DIRECTIONS FOR THIS TASK >>
Every line of the listing below is to be duplicated exactly, with the pictures left out.

DATA EXTRACT >>
------------------------

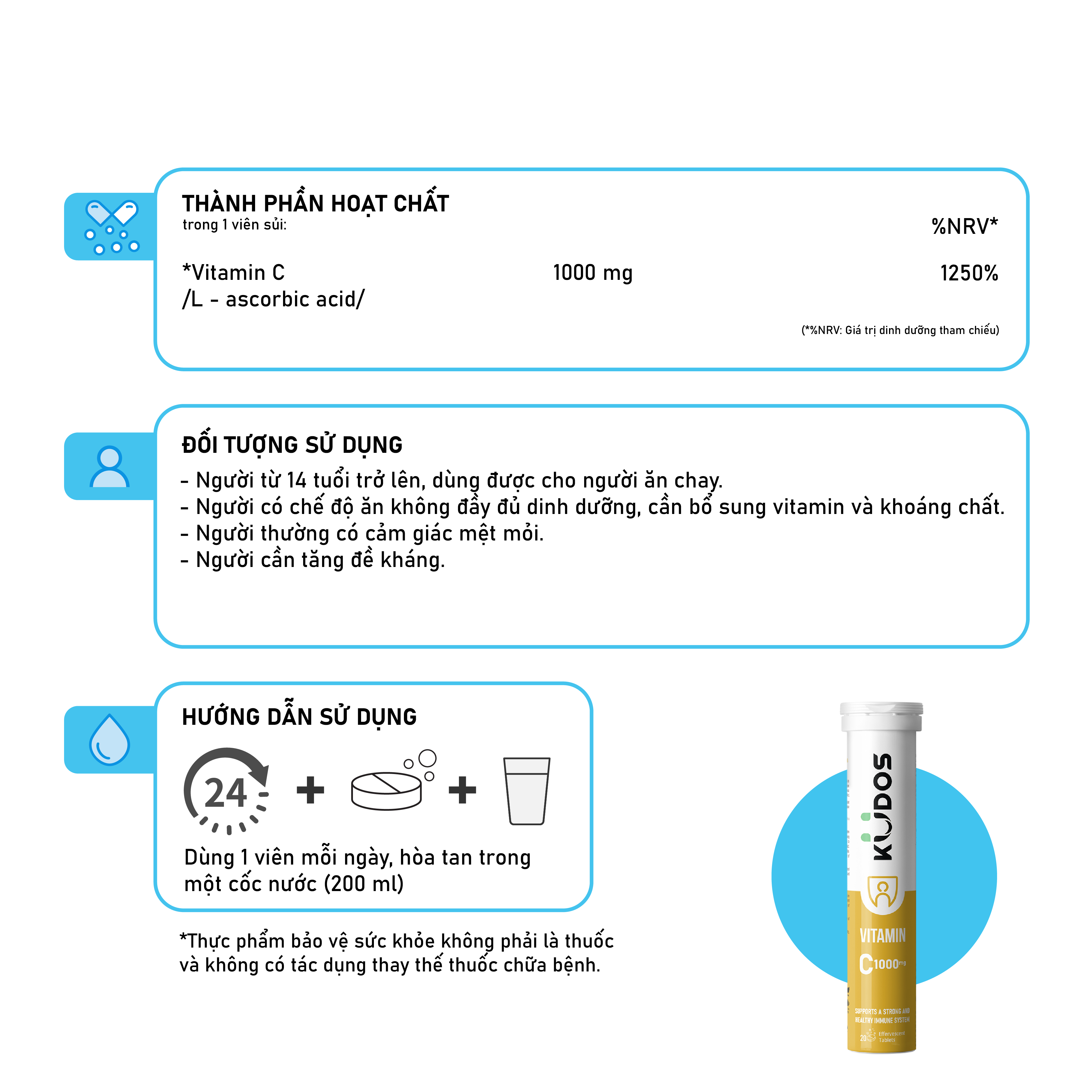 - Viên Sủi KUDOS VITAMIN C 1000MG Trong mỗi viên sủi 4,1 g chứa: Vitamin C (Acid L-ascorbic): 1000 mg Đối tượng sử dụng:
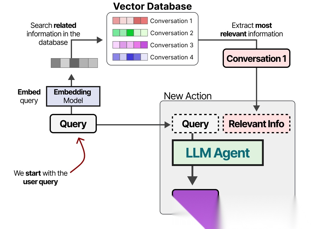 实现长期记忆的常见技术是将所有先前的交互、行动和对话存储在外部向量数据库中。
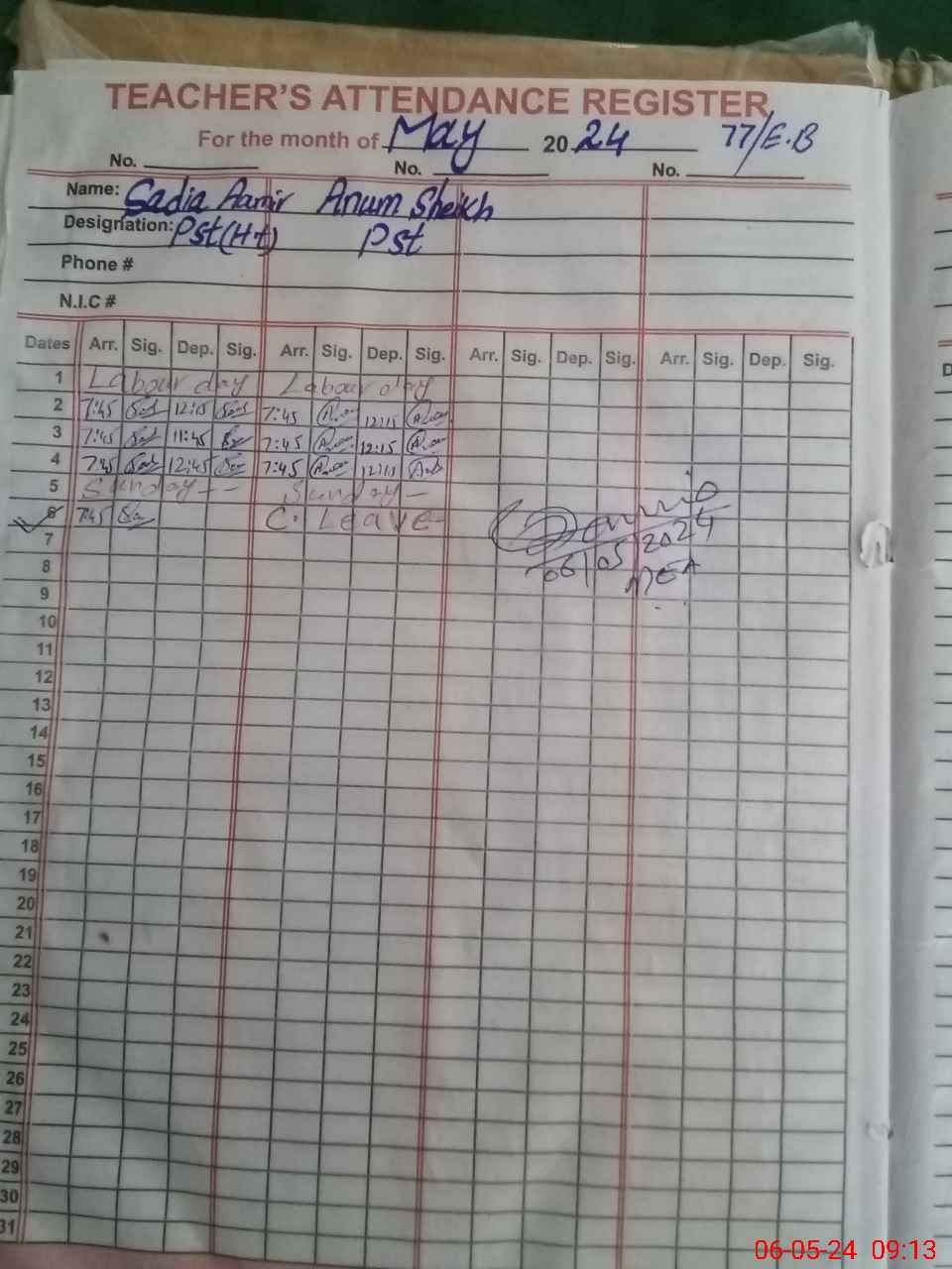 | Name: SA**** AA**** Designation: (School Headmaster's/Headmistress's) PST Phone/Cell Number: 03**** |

------------------------

ANSWER TO THE PROBLEM >>
 - Viên Sủi KUDOS VITAMIN C 1000MG Trong mỗi viên sủi 4,1 g chứa: Vitamin C (Acid L-ascorbic): 1000 mg Đối tượng sử dụng:
 实现长期记忆的常见技术是将所有先前的交互、行动和对话存储在外部向量数据库中。
 | Name: SA**** AA**** Designation: (School Headmaster's/Headmistress's) PST Phone/Cell Number: 03**** |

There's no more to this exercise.